Watch the teacher solve the problem with clear explanations

00:00 Solve the following problem

00:03 A "regular" root is of the order 2

00:09 When we have a number (A) raised to the power (B) with the root order (C)

00:19 The result equals the number (A) with the root order of their product (B times C)

00:24 We will apply this formula to our exercise

00:31 Let's calculate the multiplication of the orders

00:41 When we have a number (A) raised to the power (B) with the root order (C)

00:46 The result equals the number (A) raised to the power of their quotient (B divided by C)

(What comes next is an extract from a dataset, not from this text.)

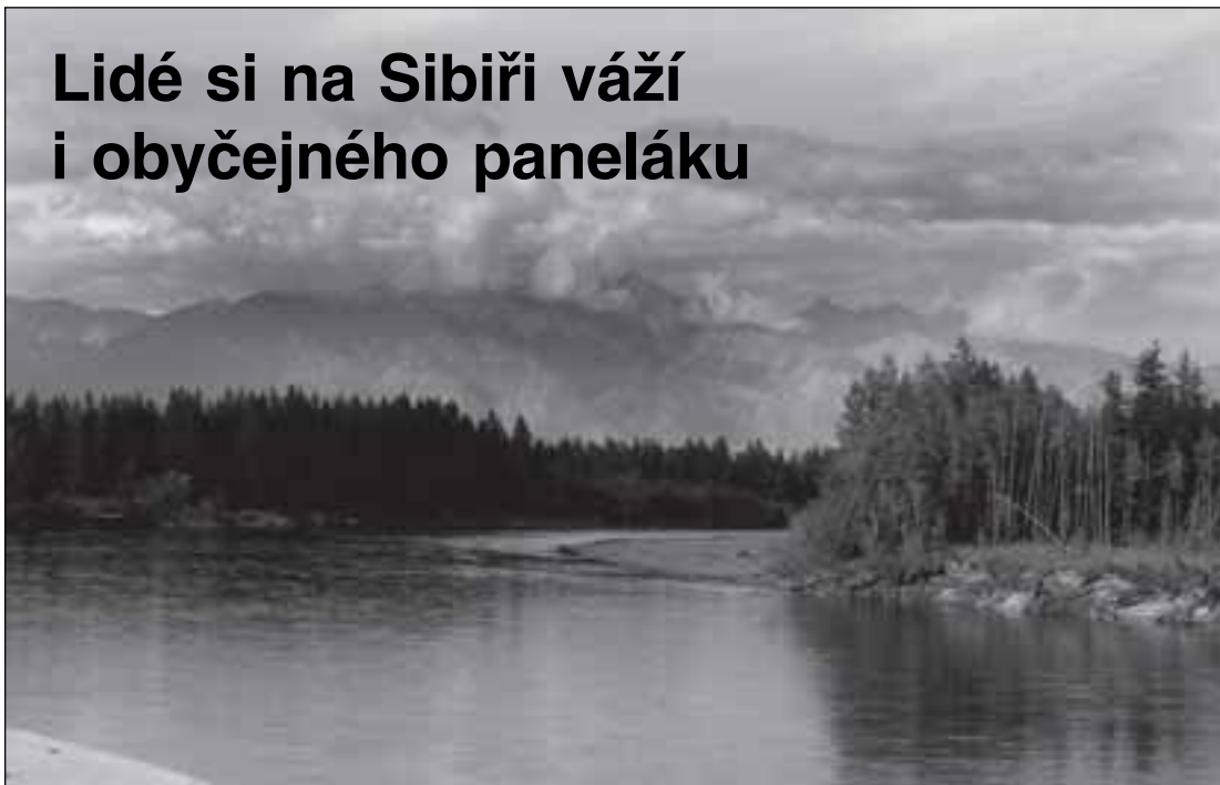
Řeka Čara, v pozadí se táhne pohoří Kodar

Já jsem letos byl kupříkladu ve městě Severobajkalsk, což je město na Bajkalsko-amurské magistrále postavené přímo na břehu Bajkalu, a navštívili jsme místní železniční muzeum. Ruská průvodkyně byla při svém vyprávění tak neuvěřitelně zanícená až vášnivá, že když jsem si na konci prohlídky koupil poslední výtisk knížky o téhle stavbě, tak se dojetím rozbrečela. Jakýsi ruský mluvící návštěvník se chtěl v průběhu jejího výkladu na něco zeptat a přerušil ji dotazem, za což dostal vyhubováno, neboť paní nechápala, jak si může dovolit rušit výklad pro cizince!

00:49 We will apply this formula to our exercise

00:53 Proceed to calculate the division of powers

00:57 This is the solution

Step-by-step written solution

Follow each step carefully to understand the complete solution

Understand the problem

Complete the following exercise:

$\sqrt[5]{\sqrt{x^{20}}}=$

Step-by-step solution

To solve the problem $\sqrt[5]{\sqrt{x^{20}}}$ , we will convert the roots into fractional exponents and simplify:

The expression $\sqrt{x^{20}}$ can be represented as:

$(x^{20})^{\frac{1}{2}} = x^{20 \cdot \frac{1}{2}} = x^{10}$

Now, taking the fifth root of $x^{10}$ , we have:

$(x^{10})^{\frac{1}{5}} = x^{10 \cdot \frac{1}{5}} = x^{2}$

Therefore, the original expression $\sqrt[5]{\sqrt{x^{20}}}$ simplifies to $x^2$ .

Final Answer

$x^2$

Key Points to Remember

Essential concepts to master this topic

Rule: Convert nested radicals to fractional exponents first
Technique: $\sqrt{x^{20}} = x^{10}$ , then $\sqrt[5]{x^{10}} = x^{2}$
Check: Verify that $(x^2)^5 = x^{10}$ and $(x^{10})^2 = x^{20}$ ✓

Common Mistakes

Avoid these frequent errors

Adding exponents instead of multiplying
Don't think $\sqrt[5]{\sqrt{x^{20}}} = x^{20+\frac{1}{2}+\frac{1}{5}}$ ! This completely ignores how exponent rules work. Always multiply exponents: $x^{20} \cdot \frac{1}{2} \cdot \frac{1}{5} = x^2$ .

Practice Quiz

Test your knowledge with interactive questions

Solve the following exercise:

$\sqrt{\sqrt{4}}=$

FAQ

Everything you need to know about this question

Why do I convert radicals to fractional exponents?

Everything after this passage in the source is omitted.